The gap between life and literature didn’t exist for him then.

 

Gulab and Karuna now man and wife

At Easter, three years later, when he was in the throes of doing eight papers in English for the examination, he got a card from Fiji. The writing looked unmistakably familiar. It was Gulab’s, sent officially in a Pan Am envelope.

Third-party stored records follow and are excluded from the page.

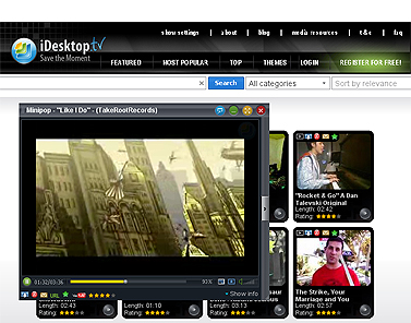 Онлайновый видеоархив YouTube, несомненно, очень популярен, однако его функциональность уже не всегда отвечает запросам пользователей. Гораздо привлекательнее новый сервис iDesktop.tv, предлагающий богатый набор способов работы с видеороликами, размещенными на том же YouTube. Помимо привычных опций изменения размера изображения и просмотра ролика в отдельном плеере (причем реализованы эти функции более удобно), имеется возможность загружать данные на компьютер в любом из поддерживаемых форматов, включая avi, mpg и флэш. Конвертация видеороликов выполняется на лету. Отметим развитые средства поиска и фильтрации, позволяющие сузить круг тем при поиске видеороликов, а также продвинутый плеер: он позволяет не только просматривать данные, но и содержит минимальный набор управляющих функций, включая бесконечный повтор воспроизведения.
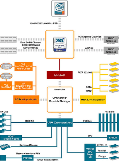 С южным мостом все просто это по-прежнему VIA VT8237 (называемый теперь из-за проблем с зарегистрированными торговыми именами VT8237R). Уже пару лет мы ждем смену этому ветерану, но VT8251 пока все еще обещается во втором квартале этого года. Так что теоретически можно будет увидеть PT880 Pro и в паре с VT8251, но, учитывая, что этот чипсет нацелен на нижний сегмент рынка, вероятность не слишком велика. Впрочем, на фоне конкурентов VT8237 все еще выглядит прилично, хотя ни периферию PCI Express (где бы ее найти?), ни гигабитную сеть (а вот это в отсутствие портов PCI-E «не лечится»), ни звук HDA не поддерживает.
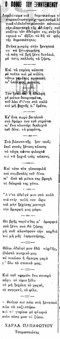 Ένα ποίημα που έγραψε πριν 87 χρόνια ο Χαράλαμπος Παπαφωτίου- ξενιτεμένος στην Αμερική Τσαμαντιώτης- το οποίο δημοσιεύθηκε στη εφημερίδα ΘΕΣΠΡΩΤΙΑ το 1936. Προφανώς το ποίημα ήταν για την αδελφή του Άννα Μαλάμη- Παπαφωτίου. Πόσο ευαισθησία είχε εκείνος ο κόσμος…
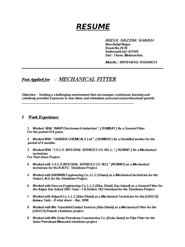 Iti fitter resume format doc beautiful iti fitter resume format.

Inside he had scribbled:

‘With many happy returns of the day!’ Enclosed in the folded card was a brief letter, although on the envelope was clearly printed CARD ONLY.

The letter told him Gulab and Karuna are now man and wife ‘till death do us part’. He had quoted several phrases from the Christian wedding ceremony: ‘What God has put together, let no man put asunder’; (in the Indian English dictionary, the word ‘asunder’ wasn’t even there). Gulab revealed he had now become a Catholic.

‘That is all Karuna asked me to do for her’; and she ‘gave me herself entirely in return’. He converted with joy; his Christian name was George Stevenson, ‘same initials’. (Several exclamation marks here like daggers plunged on a corpse.)

‘He is the Truth and the Light of life and Karuna is my wife’.

Raj’s first reading of the letter was desperate like a man saving himself from being suffocated. Then he read each word carefully almost vivisecting them with his eyeballs. So that’s why she hadn’t written for three months and he hadn’t felt the absence too keenly as he was preparing for his exam in the hope of returning home: crossing the seven seas for his love. Now a card, a letter from her husband, had made him so bereft.

 

Suicidal thoughts Bereavement and then the thought of suicide.

Raj got up from the table and, in the invading darkness, caught a glimpse of his balding head in the window pane.

And his thoughts changed: Karuna wouldn’t have married me, anyway, he assured himself stubbornly.

The card lay on the glass sheet below which there was a photo of Karuna and the figure of Christ on a Cross in silver and the nails protruding like thorns growing around a multifoliate rose pointed at her unloved bosom.

 

No sadness, just a twinge of nostalgia

But today, this Easter, there was no sadness in his heart, no sense of betrayal, just an occasional twinge of nostalgia. Now he also had the knowledge – a bit of it anyway—that where there’s no crucifixion, there will be no resurrection.

That Gulab with his pen, the colonel with his gun, are around every corner of our lives. But also that Radha, his little girl, will hear the music of the flute again, in the dew covered blades of grass and in her incandescent heart, and dance and dance again, just outside his glass window, collecting fallen autumn leaves.